In eleven days, the wind will blow through a new door and I feel myself in fast idle, revving to walk through it. I take my youngest girl with me on this new adventure. She and I, we're trees sprouting healthy and strong and get so excited at this next adventure we can't stop talking over one another and checking the calendar and counting again how many days till it starts? But tonight? The old tapes wind themselves thin through my head and my phone rings and it's my oldest boy. The one with the machete scars. He's in Washington D.C. tonight, his gig with the navy reserves takes him there. But he takes a break to call his mama on the phone and just at the moment his mama needed it. Because it's Friday night and I'm eating ice cream with fudge sauce and the evening is lovely and I have nowhere to go really, except on a walk, and the enemy of my soul screams loud in my ears that I'm a loser, that I'm good for a laugh but not good enough to "keep". That I don't matter much. And I start to panic, the particular sort of quiet panic that no one would notice if they were sitting next to me but it stops in my throat and sticks there heavy. I tell my boy what I hear in my head and he prays true words that fall on me like a quiet country night.

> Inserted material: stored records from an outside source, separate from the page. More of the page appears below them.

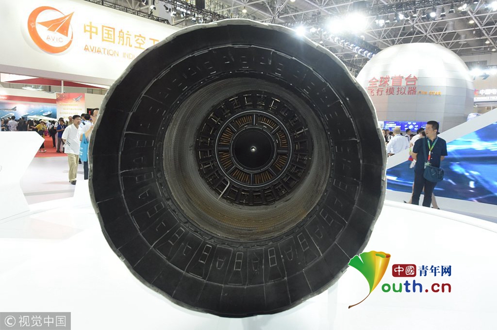 2018年11月7日,珠海航展上,觀眾在觀看國產(chǎn)新型渦扇發(fā)動機“太行發(fā)動機”。圖片作者:龍巍/視覺中國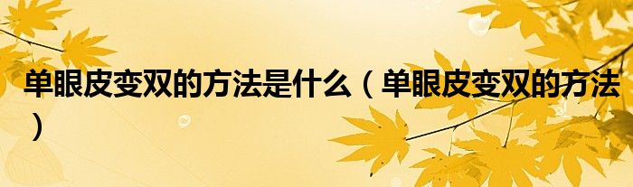 大家好,乐天来为大家解答以下的问题,单眼皮变双的方法是什么,单眼皮变双的方法很多人还不知道,现在让我们一起来看看吧!
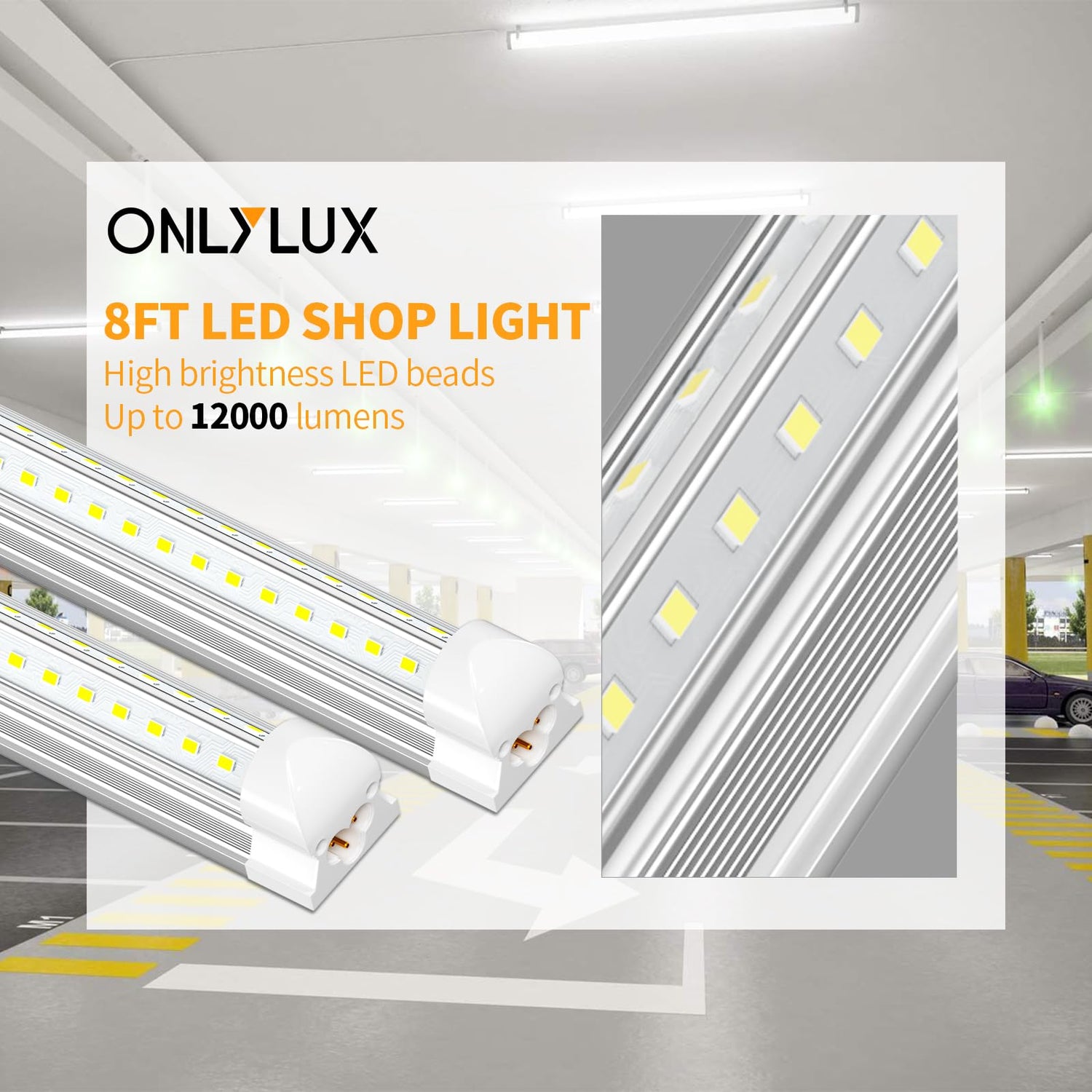 - Bright and Hight output lumens. Onlylux 8ft led shop light has 12000lm ouput. Each light 90w, amazing brightness, more energy saving.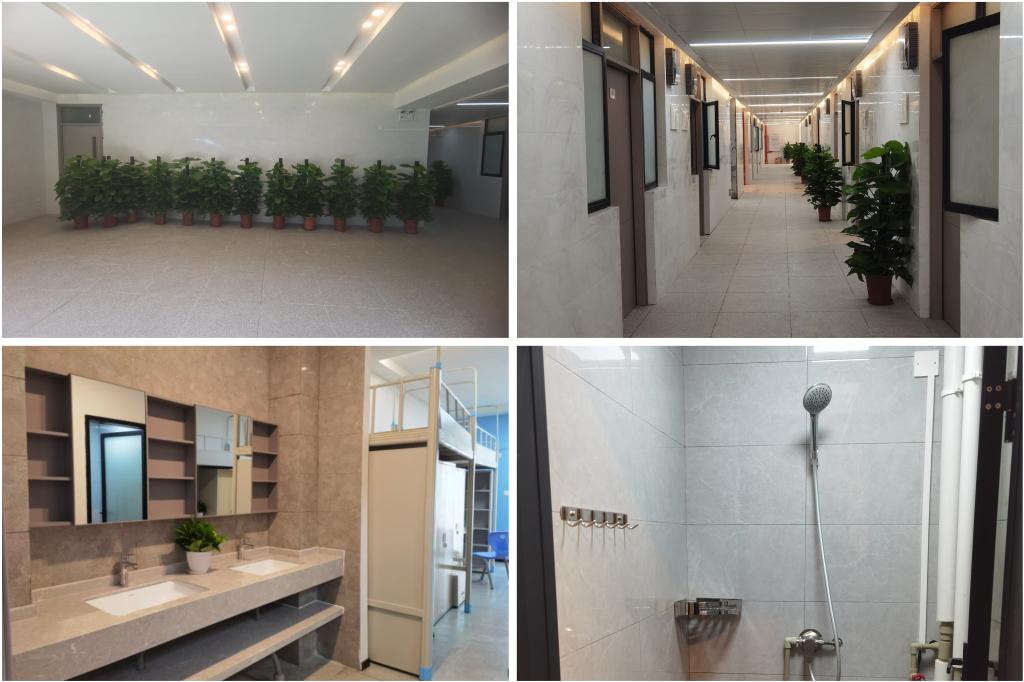 暑期实施的学生宿舍的项目不仅增加了学生床位、满足了校区调整的需要,且让学生宿舍从内到外焕然一新。为保障校区调整的学生顺利入住,基建部迅速响应,对白云山校区宿舍17栋与大学城校区宿舍1栋、13栋的173间宿舍进行翻新,提前交付使用,为紧张的校区调整工作争取了宝贵的时间。白云山校区学生宿舍20栋修缮项目将原财院第三饭堂改造成学生宿舍,调整内部布局、翻新外立面、更换门窗水电线路,为学校新增了64间宿舍,256个床位。宿舍7栋项目将48间学生宿舍由公共卫生间升级为独立卫生间和阳台,室内布置上床下桌。宿舍4栋项目则将1218个高而不便的高柜调整为触手可及的上床下桌。大学城学术交流中心项目新增了学生饭堂,将学术交流中心改造为学生宿舍,翻新了走廊等公共区域。校区友苑A、B栋修缮项目对383间宿舍内布局调整,走廊与宿舍室内墙面贴砖,卫生间修缮等。新的宿舍设施更齐全、环境更舒适、布局更合理、氛围更温馨。
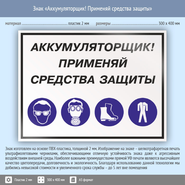 Знак «Аккумуляторщик! Применяй средства защиты», КЗ-02 (пластик, 400х300 мм) в Великом Новгороде купить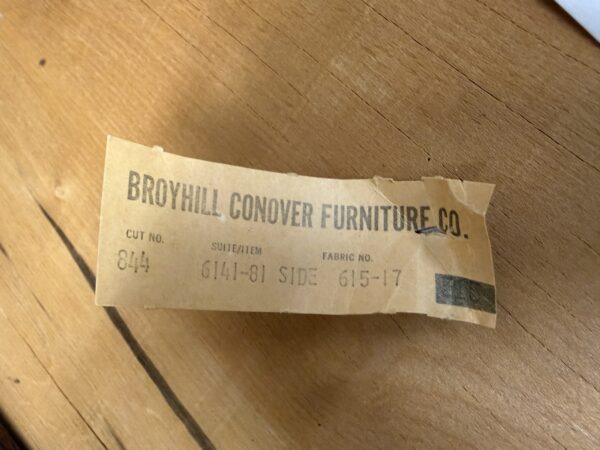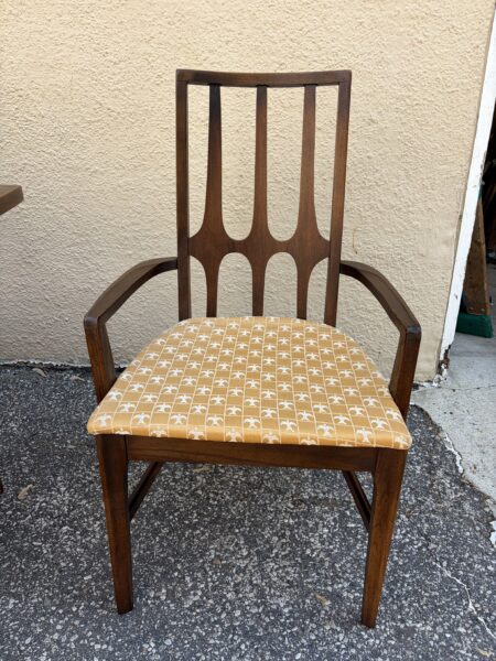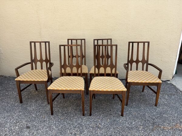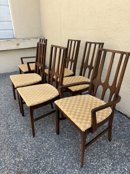 Broyhill “Brasilia” mid century set of 6 walnut dining room chairs 2 arm, 4 side Original clean fabric, but padding is flattened Price: $1,400 Location: 7900 Belair Road, Baltimore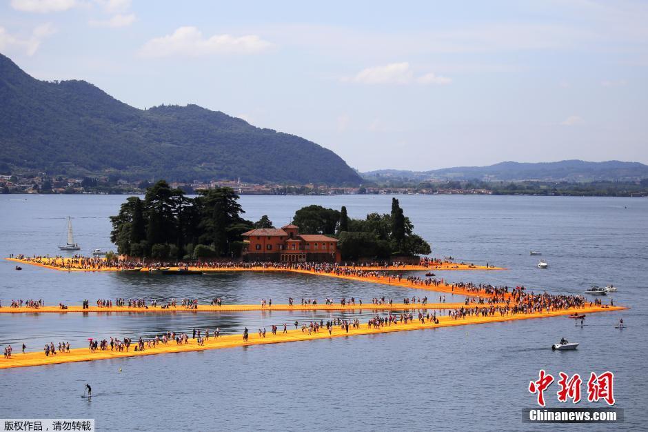 近日,意大利尹塞奥湖 (Lake Iseo)上,金灿灿的“浮动码头”上周六(6月18日)首次免费对公众开放,上万名游客蜂拥而至登上了“码头”体验水上漫步。
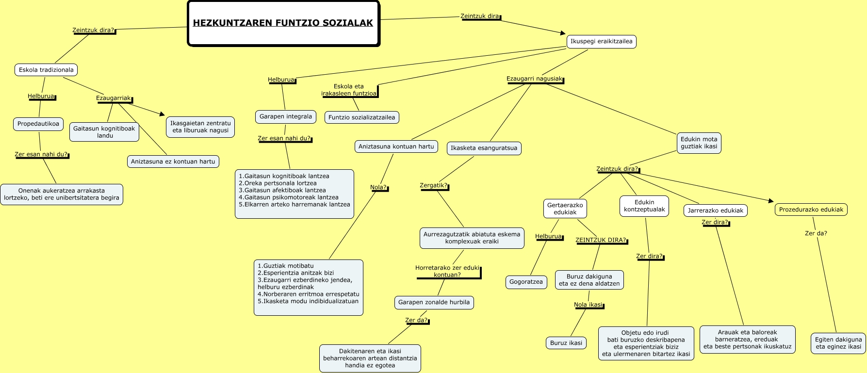 Este Cmap, tiene información relacionada con: hezkuntzaren funtzio sozialak(aritz, arkaitz, axier), Ikasketa esanguratsua Zergatik? Aurrezagutzatik abiatuta eskema komplexuak eraiki, Eskola tradizionala Ezaugarriak Ikasgaietan zentratu eta liburuak nagusi, Prozedurazko edukiak Zer da? Egiten dakiguna eta eginez ikasi, HEZKUNTZAREN FUNTZIO SOZIALAK Zeintzuk dira? Eskola tradizionala, Ikuspegi eraikitzailea Ezaugarri nagusiak Aniztasuna kontuan hartu, Edukin mota guztiak ikasi Zeintzuk dira? Gertaerazko edukiak, Ikuspegi eraikitzailea Ezaugarri nagusiak Edukin mota guztiak ikasi, Edukin mota guztiak ikasi Zeintzuk dira? Jarrerazko edukiak, Edukin mota guztiak ikasi Zeintzuk dira? Edukin kontzeptualak, Jarrerazko edukiak Zer dira? Arauak eta baloreak barneratzea, ereduak eta beste pertsonak ikuskatuz, HEZKUNTZAREN FUNTZIO SOZIALAK Zeintzuk dira Ikuspegi eraikitzailea, Garapen integrala Zer esan nahi du? 1.Gaitasun kognitiboak lantzea 2.Oreka pertsonala lortzea 3.Gaitasun afektiboak lantzea 4.Gaitasun psikomotoreak lantzea 5.Elkarren arteko harremanak lantzea, Ikuspegi eraikitzailea Eskola eta irakasleen funtzioa Funtzio sozializatzailea, Edukin mota guztiak ikasi Zeintzuk dira? Prozedurazko edukiak, Edukin kontzeptualak Zer dira? Objetu edo irudi bati buruzko deskribapena eta esperientziak biziz eta ulermenaren bitartez ikasi, Propedautikoa Zer esan nahi du? Onenak aukeratzea arrakasta lortzeko, beti ere unibertsitatera begira, Gertaerazko edukiak ZEINTZUK DIRA? Buruz dakiguna eta ez dena aldatzen, Eskola tradizionala Ezaugarriak Aniztasuna ez kontuan hartu, Aniztasuna kontuan hartu Nola? 1.Guztiak motibatu 2.Esperientzia anitzak bizi 3.Ezaugarri ezberdineko jendea, helburu ezberdinak 4.Norberaren erritmoa errespetatu 5.Ikasketa modu indibidualizatuan, Garapen zonalde hurbila Zer da? Dakitenaren eta ikasi beharrekoaren artean distantzia handia ez egotea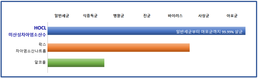 조류독감바이러스 사멸을 위해 진행한 실험결과를 발표한 미 국립 보건의학연구소 도서관의 보고서에 따르면 미산성 차아염소산수(HOCL)가 차염소산이온보다 120배 살균력이 강하다고 되어 있습니다.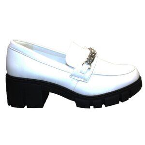 TINSTREE Platform Loafer Women White Silver Chain Size 10 Chunky Heel Slip On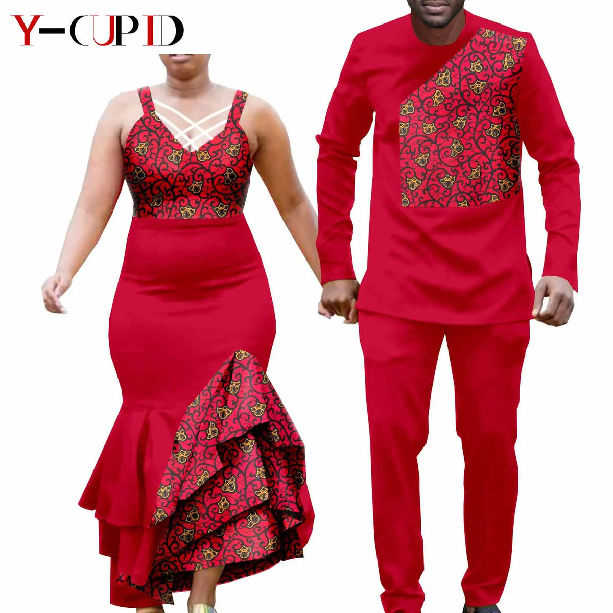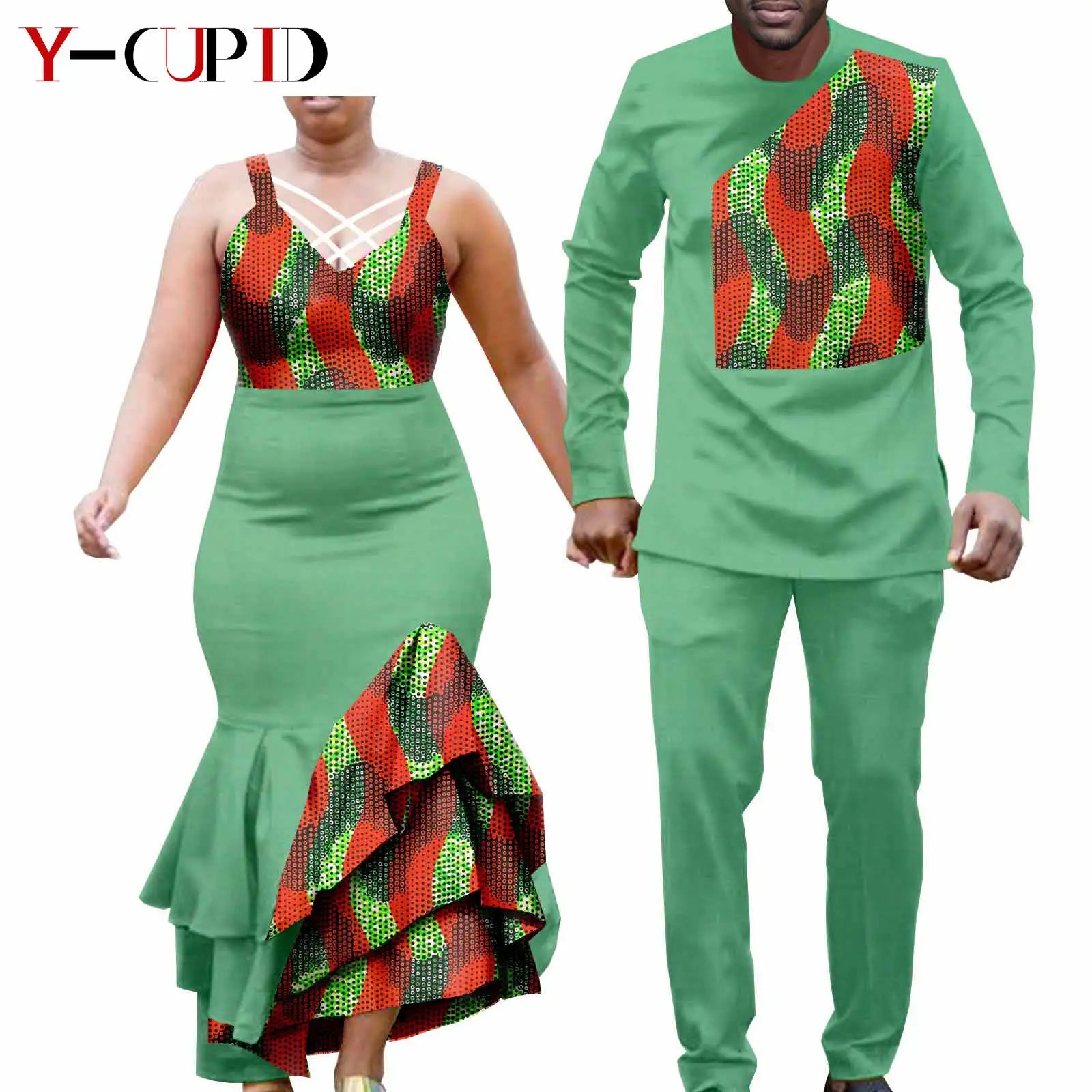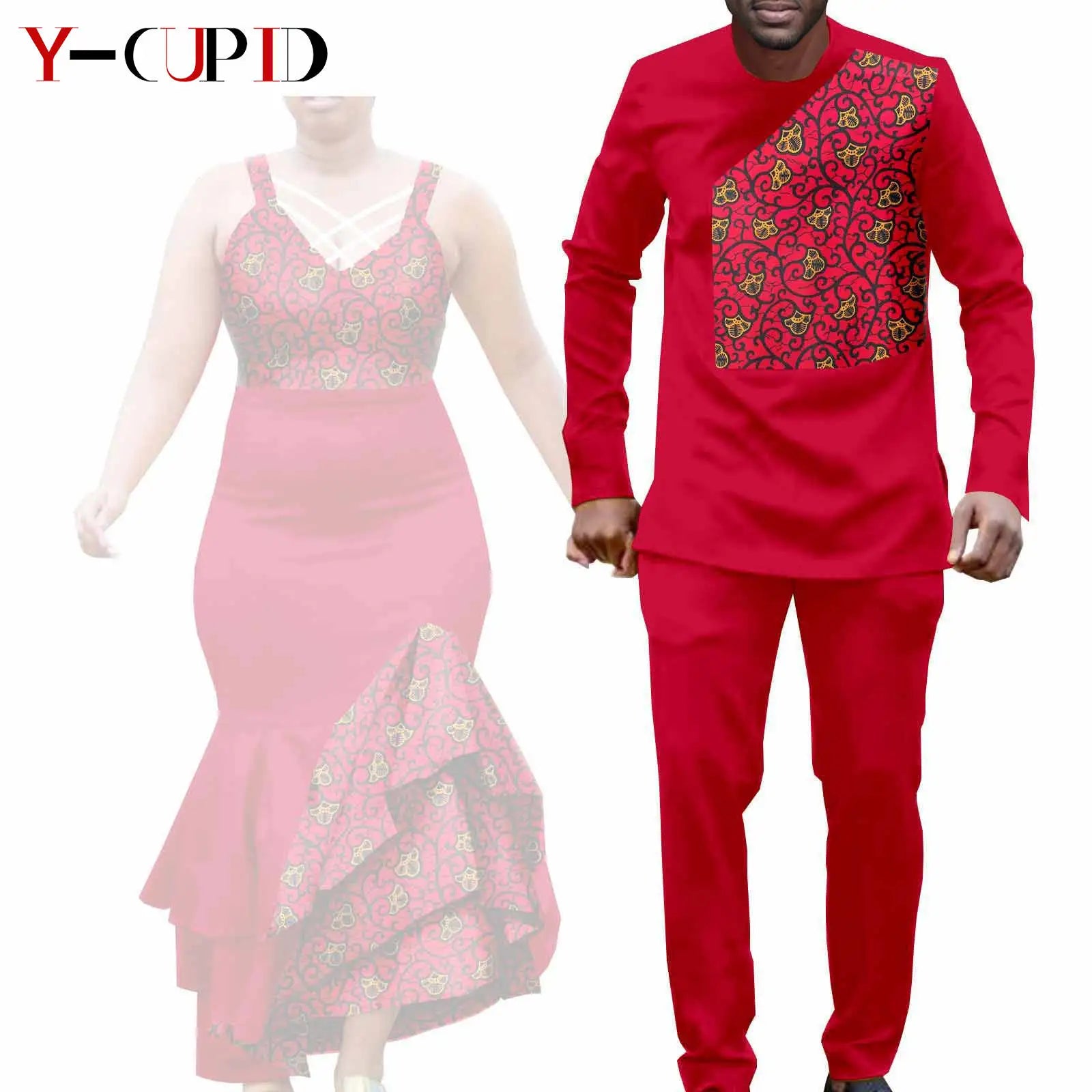 The men’s outfit includes a classic dashiki-style shirt paired with matching trousers, designed for both comfort and style. The bold patterns and tailored fit give a polished yet relaxed look, making it suitable for weddings, parties, or traditional ceremonies. Together, the set symbolizes connection and shared identity, making it ideal for couples who want to stand out in coordinated fashion.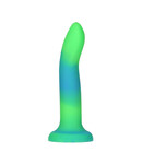 This stunning glow-in-the-dark dildo is poured in layers of brightly coloured, glow-in-the-dark silicone. It has an angled head for G-spot or prostate stimulation, and a smooth shaft with a bendable, posable core. The flared base ensures that the dildo is safe for anal insertion, while the built-in suction cup allows it to be used in an O-ring strap-on harness or stuck to a smooth surface for hands-free play.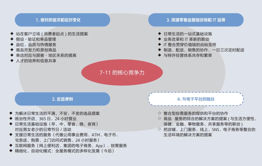 (4)在“与数字化平台的融合”这一方面,7-11做得还不够好,所以用虚线画出来。但是不可否认这是非常重要的零售的新基本功。

I hang up grateful. The voices still sneer at me. I want the eleven days to pass overnight while I'm sleeping so I don't have to feel what I'm feeling, to hear what the tapes are playing. I decide to ignore them and pay attention to how the hot fudge tastes and that a walk would be lovely and that I will seize this lonesome moment as real life and hold fast to it and not run from it. It's what I have right now and I can't wait eleven days to live again. Because what if eleven days never comes?
What I've learned, what I'm learning to learn, is that the interim is still living. And I must be about it.